Author: Glenn Patton  //  Category: Auto News

Scott Tucker was a private equity investor with a passion for race cars five years ago. Now, as he prepares to take on the American Le Mans Series Petit Le Mans championship race at Road Atlanta, he does so with a slew of victories from the 2011 season that have already secured the Level 5 team with the Le Mans Prototype 2 class championship and positioned them at No. 2 in the Intercontinental Le Mans Cup series.

For Tucker, this year’s season represents the next level of motorsports, a fitting embodiment of the very idea behind Level 5 Motorsports. “Five is my favorite number,” Tucker said. “It was always my number in the sports I played through high school and college.”

But it wasn’t until later in life that the number five really represented success for Tucker; as he continued his private equity investment career, he read a book on management that described a “level 5 candidate” as someone who could take a company to the next level.
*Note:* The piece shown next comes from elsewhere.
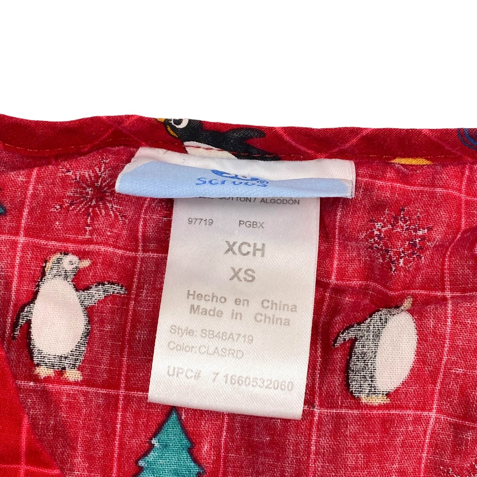 SB Scrubs Scrub Top XS Penguins Winter Scenes Trees Snowflakes Collage Red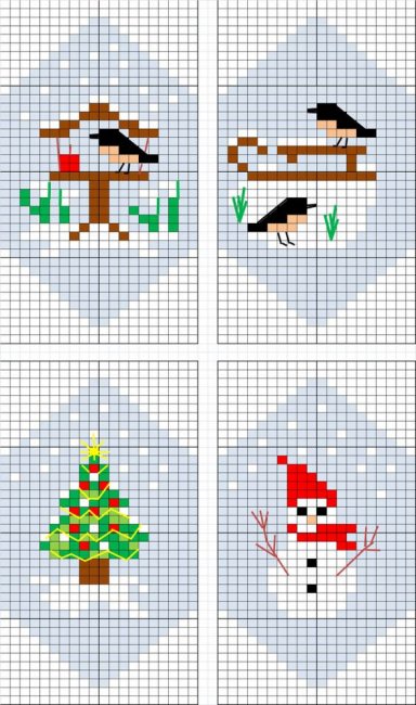 Такие маленькие схемы для новогодней вышивки крестиком подойдут тем, у кого уже есть хоть какой-то опыт в вышивании. Они не очень сложные и не очень большие, но это не делает их менее праздничными и красивыми.

Ironically, it wasn’t until even later in life that the number five meant top-of-the-podium finishes and international success for Tucker. And incidentally, he might have been the very “level 5” person who made his motorsports company a success. He began the company in 2008, when he was just two years into his professional racing career at age 44. Although he didn’t have much experience, he had enough talent to fill a professional driver’s seat and a wealth of knowledge about the professional racing industry. He quickly joined up with Christophe Bouchut, one of the most successful endurance racers in the world, who became his mentor and co-driver. From there, Tucker has made careful, precise decisions regarding who drives his team’s cars and what cars they drive.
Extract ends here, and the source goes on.